#### Task to complete:
Print the listing as it stands, omitting all images.

#### Exercise material:
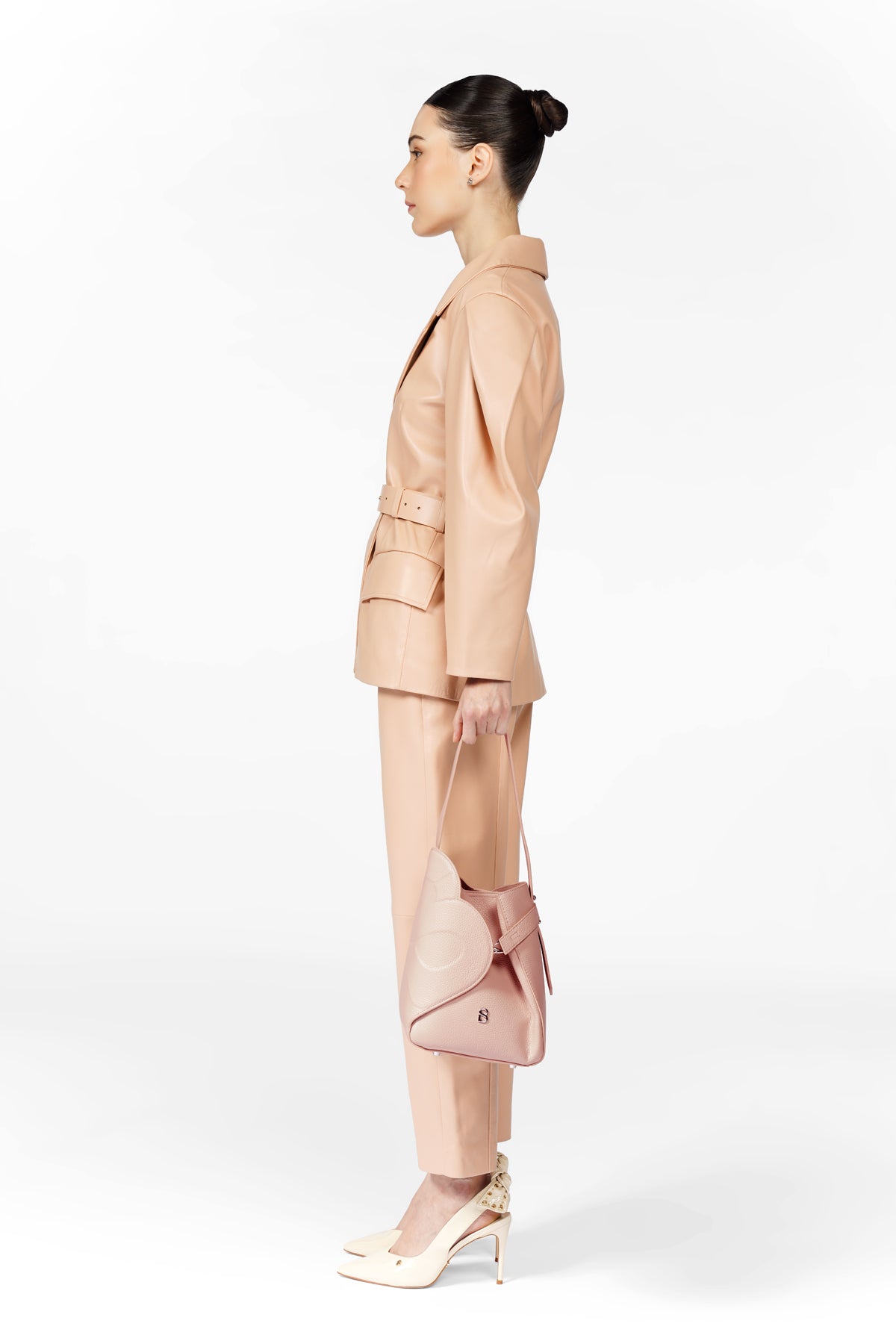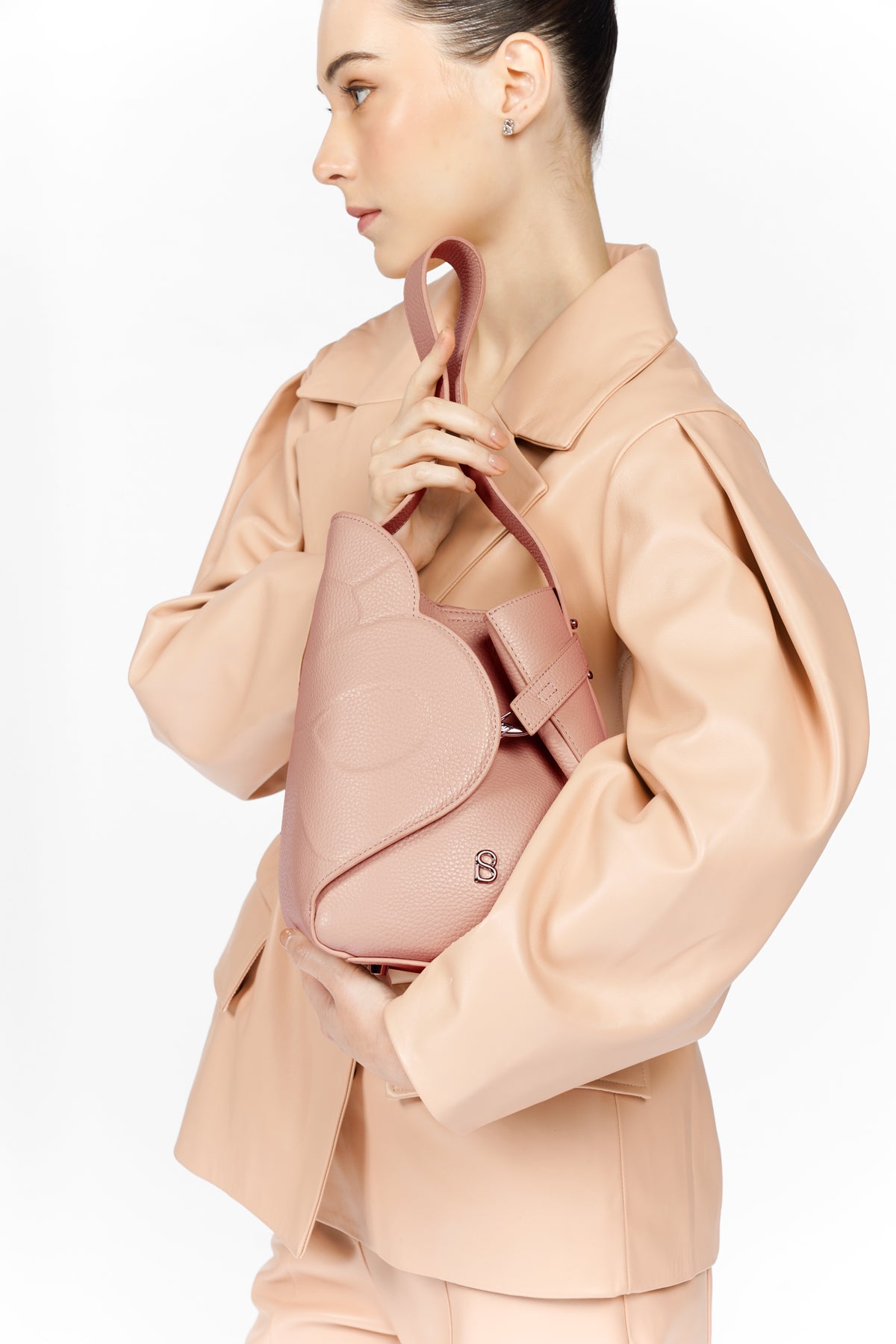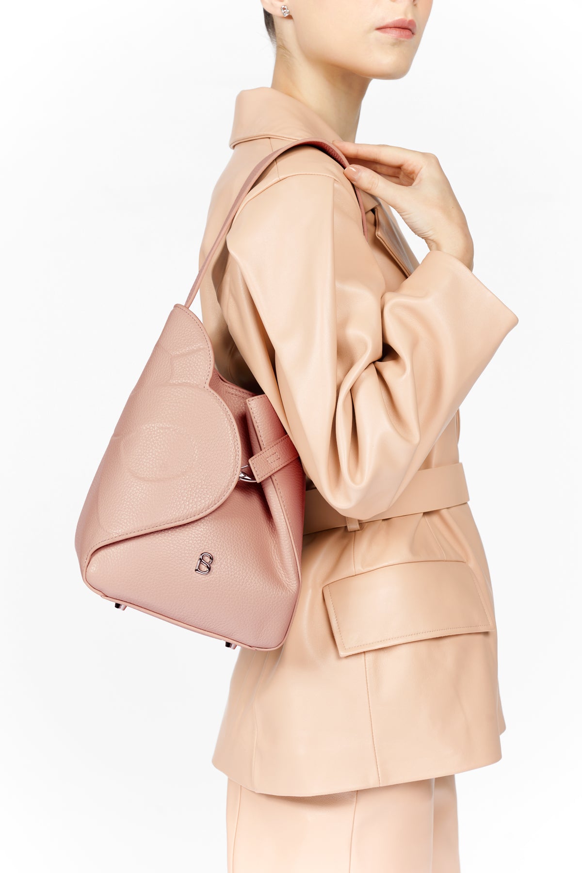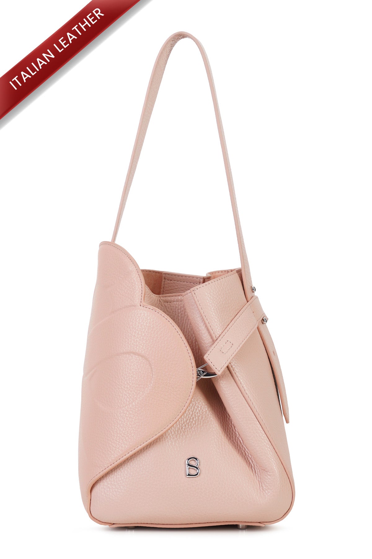 Meticulously crafted from high-quality Italian cow leather. Designed in a folded style bucket bag silhouette, embellished with the embossed signature B logo, this piece exudes sophistication and elegance.
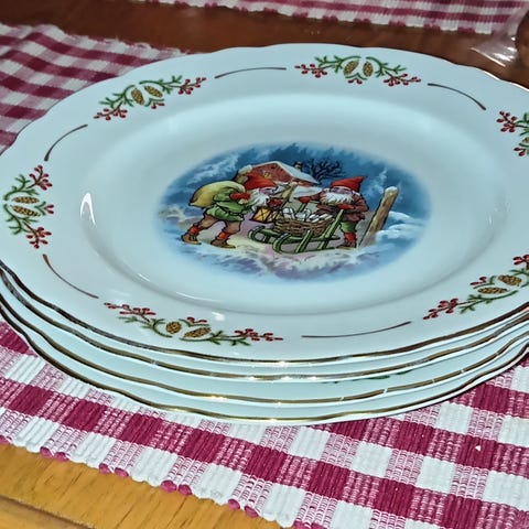 12 kpl syviä "Perinne joulu" lautasia. Entisen apilanlehden, nykyinen Fyrklövern. En tiedä onko uusien kanssa 100% samanlaisia, mutta niiden ovh. 23,90e/kpl. Nämä lähtis tästä 15e/kpl tai jos ostat 6kpl eli puolet koko setistä niin 80e/6kpl. Kaikki 12kpl kerralla 150e.
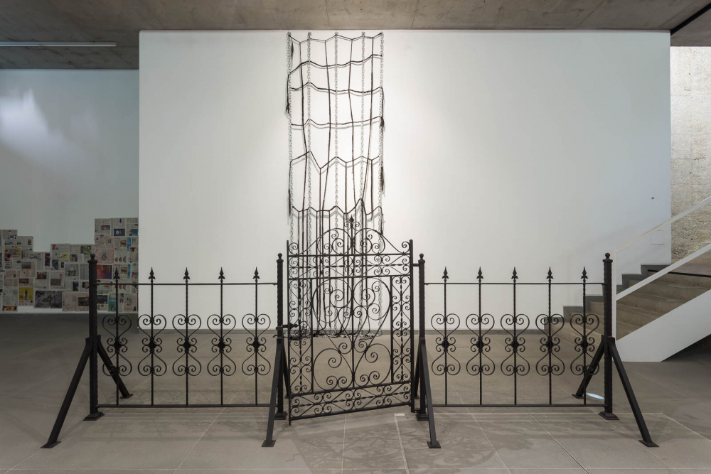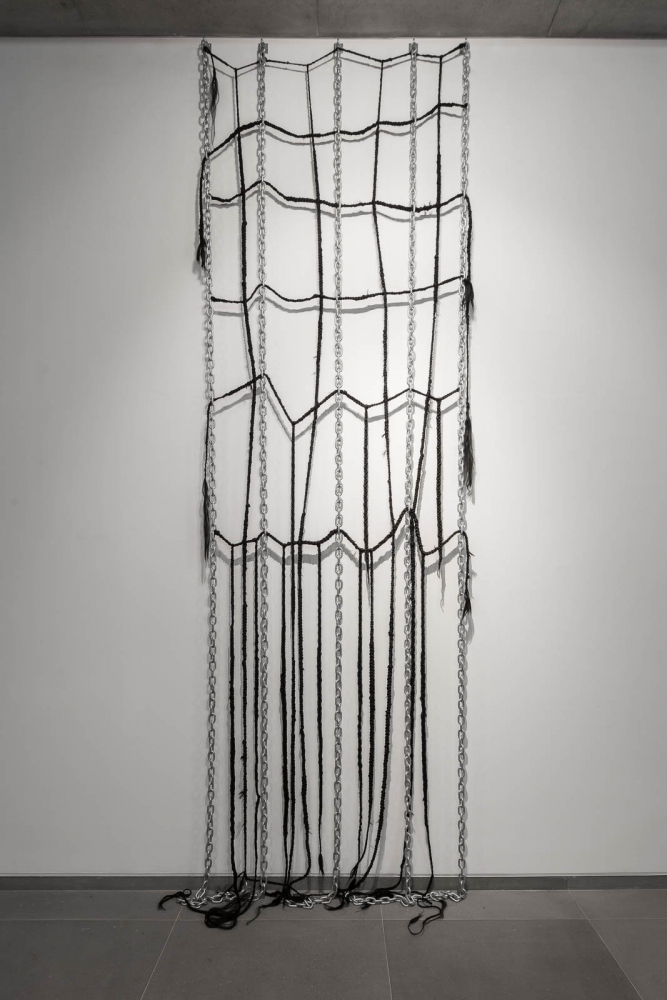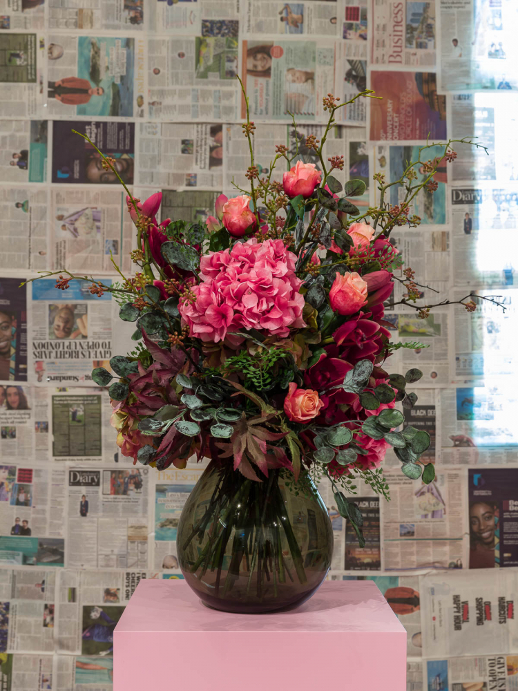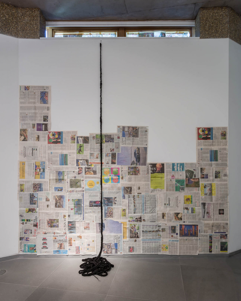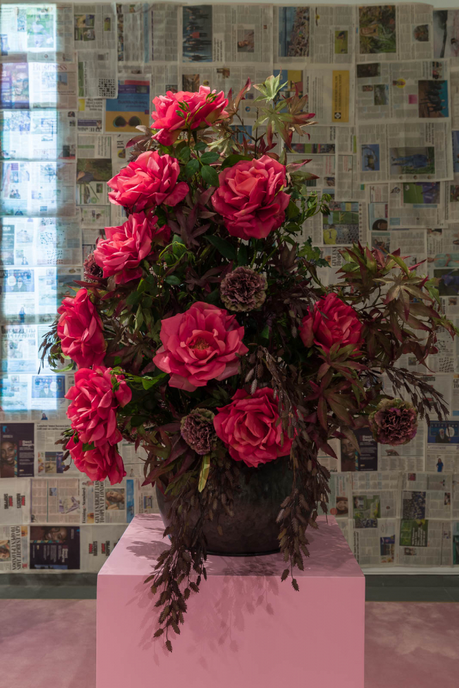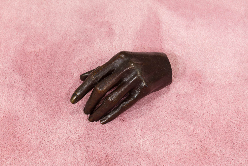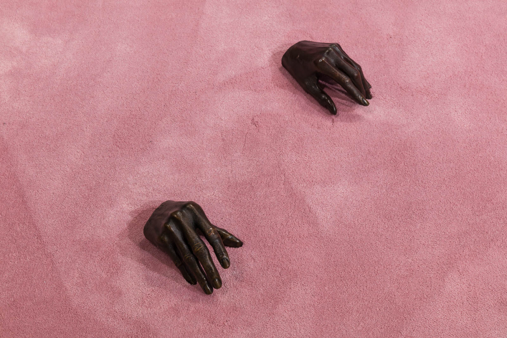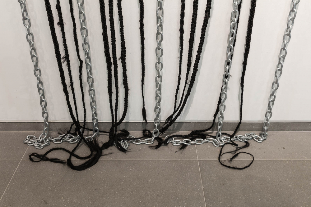 With flower arrangements, cast bronze sculptures, synthetic braided hair locks and chains, dead Daughter alludes to ambiguous traces of memory, race, and domestic life, with a degree of unsettling tension. An excerpt from the artist’s booklet of poetry produced for the exhibition reads: “My resilience of control in this room was found to be disgusting and inflammatory to the voices that taunted.”**
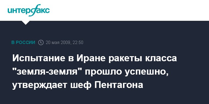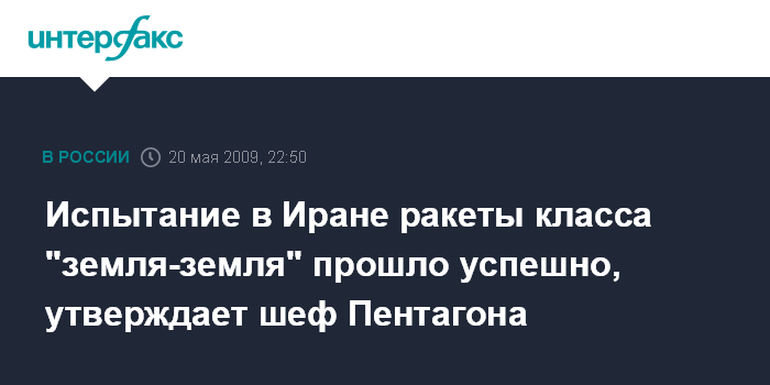 Вашингтон. 20 мая. ИНТЕРФАКС - Полученная Пентагоном информация свидетельствует об успешности проведенного Ираном в среду испытания ракеты класса "земля-земля", заявил министр обороны США Роберт Гейтс.
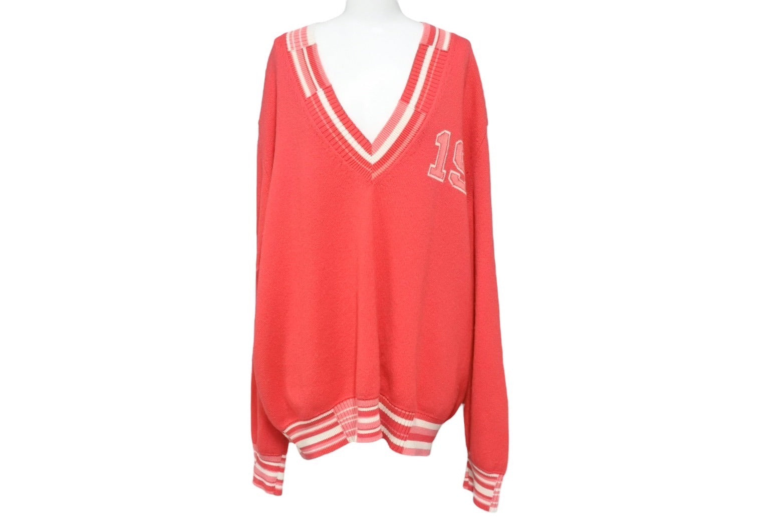 毛羽立ち、毛玉あり。右袖汚れあり。左脇付近に多少の汚れあり。その他特に目立つ傷や汚れのない状態です。
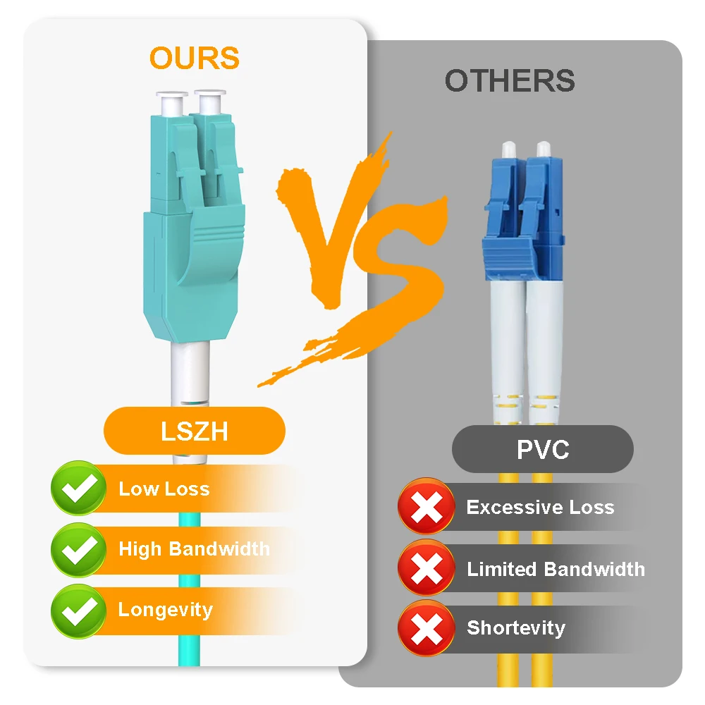 Enhance your network performance with the Vandesail OM3 LC-LC Duplex Fiber Patch Cable. Featuring OM3 multimode fiber, this cable ensures high-speed 10Gbps internet connectivity, delivering reliable data transmission for all your network needs.
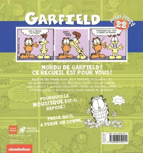 Plus de 250 pages remplies à craquer de blagues et de bandes dessinées : un véritable festin ! Collectionnez les tomes 21 à 30 pour découvrir l'image au dos des livres et régalez-vous de ces Poids lourd dignes de Garfield.
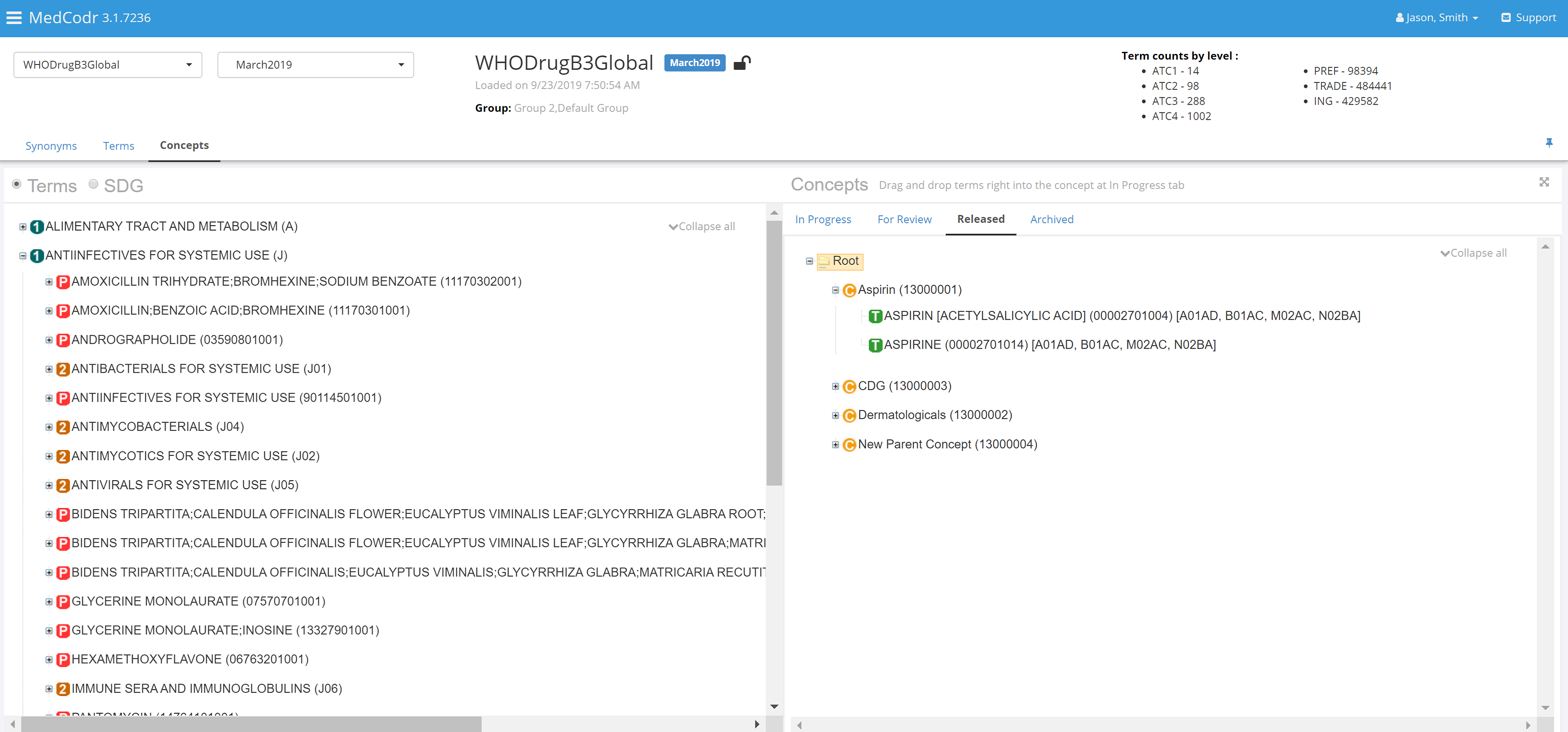 MedCodr supports Standard MedDRA Queries (SMQ), Standardized Drug Queries (SDQ) and custom queries/groups/concepts. Easily search and browse all concepts.
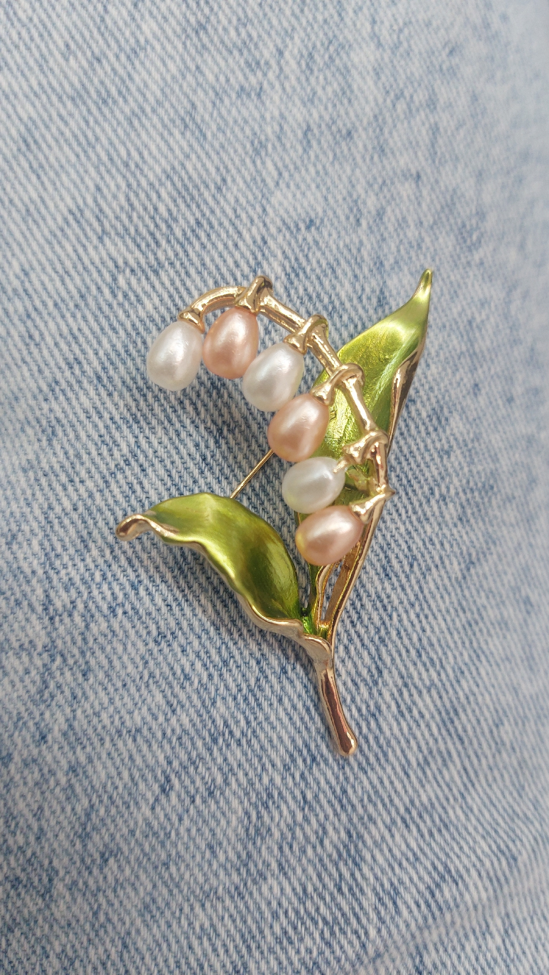 The image depicts a lily-of-the-valley brooch against a blue denim background. The brooch is gold-toned with two green leaves and several small, oval-shaped faux pearls in white and peach hues hanging…read more
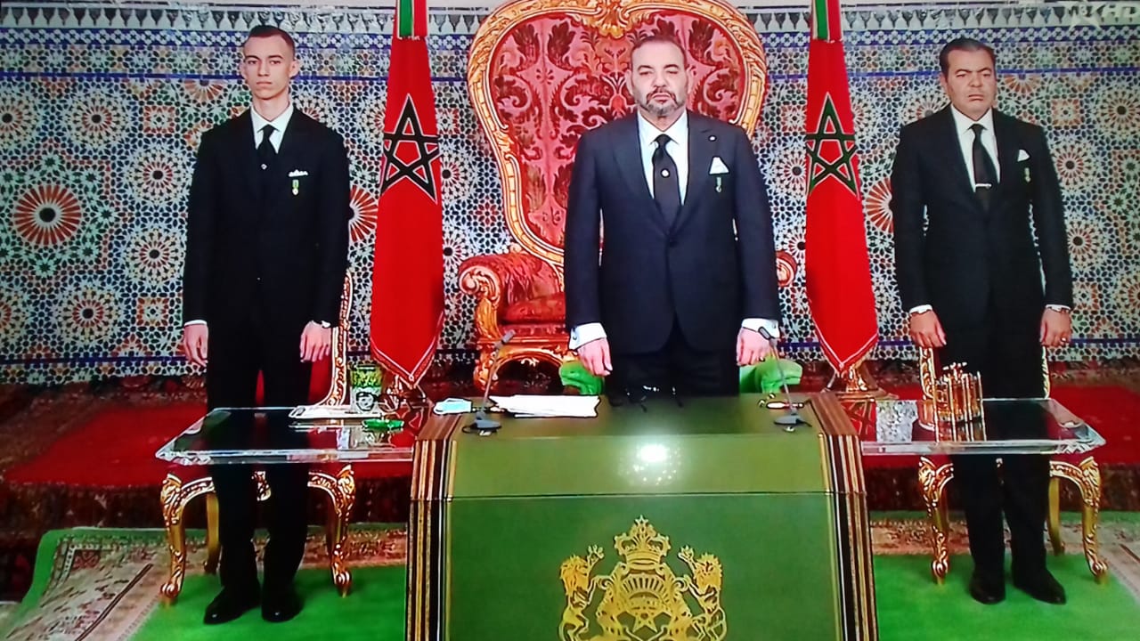 ونود في الختام، أن نوجه تحية إشادة وتقدير، لكل مكونات القوات المسلحة الملكية، والدرك الملكي، والأمن الوطني، والقوات المساعدة، والإدارة الترابية، والوقاية المدنية، على تجندهم الدائم، تحت قيادتنا، للدفاع عن وحدة الوطن، والحفاظ على أمنه واستقراره.

#### Solution for this problem:
 Meticulously crafted from high-quality Italian cow leather. Designed in a folded style bucket bag silhouette, embellished with the embossed signature B logo, this piece exudes sophistication and elegance.
 12 kpl syviä "Perinne joulu" lautasia. Entisen apilanlehden, nykyinen Fyrklövern. En tiedä onko uusien kanssa 100% samanlaisia, mutta niiden ovh. 23,90e/kpl. Nämä lähtis tästä 15e/kpl tai jos ostat 6kpl eli puolet koko setistä niin 80e/6kpl. Kaikki 12kpl kerralla 150e.
 With flower arrangements, cast bronze sculptures, synthetic braided hair locks and chains, dead Daughter alludes to ambiguous traces of memory, race, and domestic life, with a degree of unsettling tension. An excerpt from the artist’s booklet of poetry produced for the exhibition reads: “My resilience of control in this room was found to be disgusting and inflammatory to the voices that taunted.”**
 Вашингтон. 20 мая. ИНТЕРФАКС - Полученная Пентагоном информация свидетельствует об успешности проведенного Ираном в среду испытания ракеты класса "земля-земля", заявил министр обороны США Роберт Гейтс.
 毛羽立ち、毛玉あり。右袖汚れあり。左脇付近に多少の汚れあり。その他特に目立つ傷や汚れのない状態です。
 Enhance your network performance with the Vandesail OM3 LC-LC Duplex Fiber Patch Cable. Featuring OM3 multimode fiber, this cable ensures high-speed 10Gbps internet connectivity, delivering reliable data transmission for all your network needs.
 Plus de 250 pages remplies à craquer de blagues et de bandes dessinées : un véritable festin ! Collectionnez les tomes 21 à 30 pour découvrir l'image au dos des livres et régalez-vous de ces Poids lourd dignes de Garfield.
 MedCodr supports Standard MedDRA Queries (SMQ), Standardized Drug Queries (SDQ) and custom queries/groups/concepts. Easily search and browse all concepts.
 The image depicts a lily-of-the-valley brooch against a blue denim background. The brooch is gold-toned with two green leaves and several small, oval-shaped faux pearls in white and peach hues hanging…read more
 ونود في الختام، أن نوجه تحية إشادة وتقدير، لكل مكونات القوات المسلحة الملكية، والدرك الملكي، والأمن الوطني، والقوات المساعدة، والإدارة الترابية، والوقاية المدنية، على تجندهم الدائم، تحت قيادتنا، للدفاع عن وحدة الوطن، والحفاظ على أمنه واستقراره.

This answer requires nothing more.